L’avventura in Fiat inizia nel 2004. Il giorno della conferenza stampa può essere ricordato anche come l’ultima volta in cui si presentò in giacca e cravatta. Poi ha imposto il suo stile da manager sobrio sempre con un maglioncino dello stesso colore. Le prime parole che pronunciò il giorno della sua nomina a Ceo furono queste: “Fiat ce la farà. Il concetto di squadra è la base su cui creerò la nuova organizzazione; prometto che lavorerò duro, senza polemiche e interessi politici”. Così fece. Si mise a lavorare da subito, anche nei weekend, e nel 2011 all’allora direttore di Repubblica, Ezio Mauro, parlò così della prima fase lavorativa: “Mi ricordo i primi 60 giorni dopo che ero arrivato qui, nel 2004. Giravo tutti gli stabilimenti e poi, quando tornavo a Torino, il sabato e la domenica andavo a Mirafiori, senza nessuno, per vedere le docce, gli spogliatoi, la mensa, i cessi. Ho cambiato tutto: come faccio a chiedere un prodotto di qualità agli operai e farli vivere in uno stabilimento così degradato?”.

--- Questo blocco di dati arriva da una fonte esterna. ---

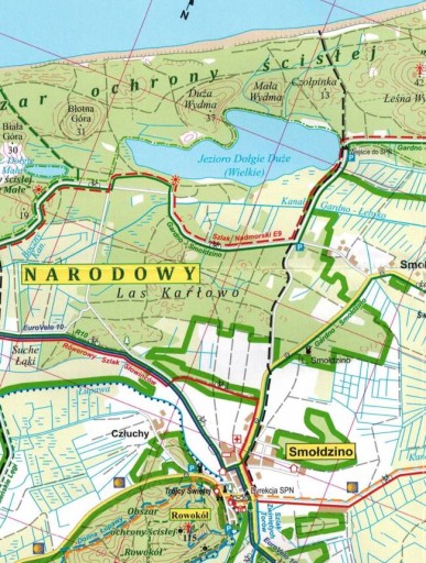 - znakowane szlaki turystyczne, rowerowe i kajakowe.

Tre i punti fondamentali da cui Marchionne decise di far ripartire Fiat, come riportato sul sito del corriere.it: “la rinuncia degli Agnelli all’esercizio della put-option a General Motors che fece incassare al Lingotto 1,55 miliardi, il convertendo siglato con i maggiori istituti di credito italiani e il controverso swap Ifil Exor che consentì alla dinastia torinese di mantenere il controllo di Fiat”. In poco tempo le vendite sul mercato europeo si ripresero e lentamente si tornò ad avere redditività e risultati di bilancio positivi. Numeri che portarono nel 2009 alla svolta epocale: l’avvio dell’acquisizione di Chrysler – fallita nella crisi del 2008 – completata poi nel 2014. Il motivo di questa mossa Marchionne lo spiegò così: “Solo quei Gruppi che riusciranno a fabbricare 6 milioni di automobili l’anno saranno in grado di resistere nel futuro”.

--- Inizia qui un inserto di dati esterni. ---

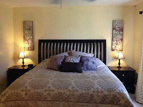 Don't miss out on this absolutely gorgeous town home in Regal Palms at Highland Reserve. This fully furnished 3 bedroom 3 bathroom townhome is zoned for short term rental and ready to go. Tastefully decorated and equipped to appeal to all personalities. Every bedroom has features a flat screen TV and their own bathrooms. The second Master bedroom has a balcony with peaceful views. Located in the popular Regal Palms resort this townhome is only a 15 to 20 minute drive to Disney and in walking distance of the Publix (grocery) shopping center which has restaurants, bank, pharmacy and more. Regal Palms has two heated swimming pools with a lazy river, water slide with waterfalls and indoor and outdoor Jacuzzis. While swimming enjoy the pool side Tiki Bar, sand volleyball courts. There is a fitness center with a sauna and a spa where you can get massages, manicures and pedicures. Don't forget to stop by the market for snack and souvenir needs. Club house features a business center with Wi-Fi internet access and a sports bar and restaurant. Be sure to check out Banana Jacks, the pirate themed fun zoned with games for all ages. For you golfers, you are just across the street from Highlands Reserves public access 72 par golf course. Don't let this one slip thru your hands.

Sergio Marchionne verrà ricordato anche per aver profondamente cambiato le relazioni industriali in Italia: nel 2010 Fiat disdice il contratto nazionale, esce da Confindustria e chiede una serie di concessioni ai sindacati per investire a Pomigliano. La maggior parte dei sindacati accetta; non la Fiom, con cui il contenzioso continua ancora oggi nei tribunali. Nel 2014 prende il timone della Ferrari, guidata per oltre 20 anni da Luca Cordero di Montezemolo. Un colpo di scena, non senza diatribe interne, che termina con l’estromissione del manager che aveva rilanciato il Cavallino portandolo alla vittoria in Formula 1 nel 2000.

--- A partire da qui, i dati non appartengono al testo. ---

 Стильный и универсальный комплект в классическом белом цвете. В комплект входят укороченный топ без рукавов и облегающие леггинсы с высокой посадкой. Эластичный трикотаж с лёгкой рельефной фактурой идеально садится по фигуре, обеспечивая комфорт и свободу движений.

Tra le frasi più celebri di Sergio Marchionne vanno ricordate quella sulla leadership e quella sulla lingua italiana: “La leadership non è anarchia. In una grande azienda chi comanda è solo. Io mi sento molte volte solo”. Quanto all’italiano: “La lingua italiana è troppo complessa e lenta. Per un concetto che in inglese si spiega in due parole, in italiano ne occorrono almeno sei”.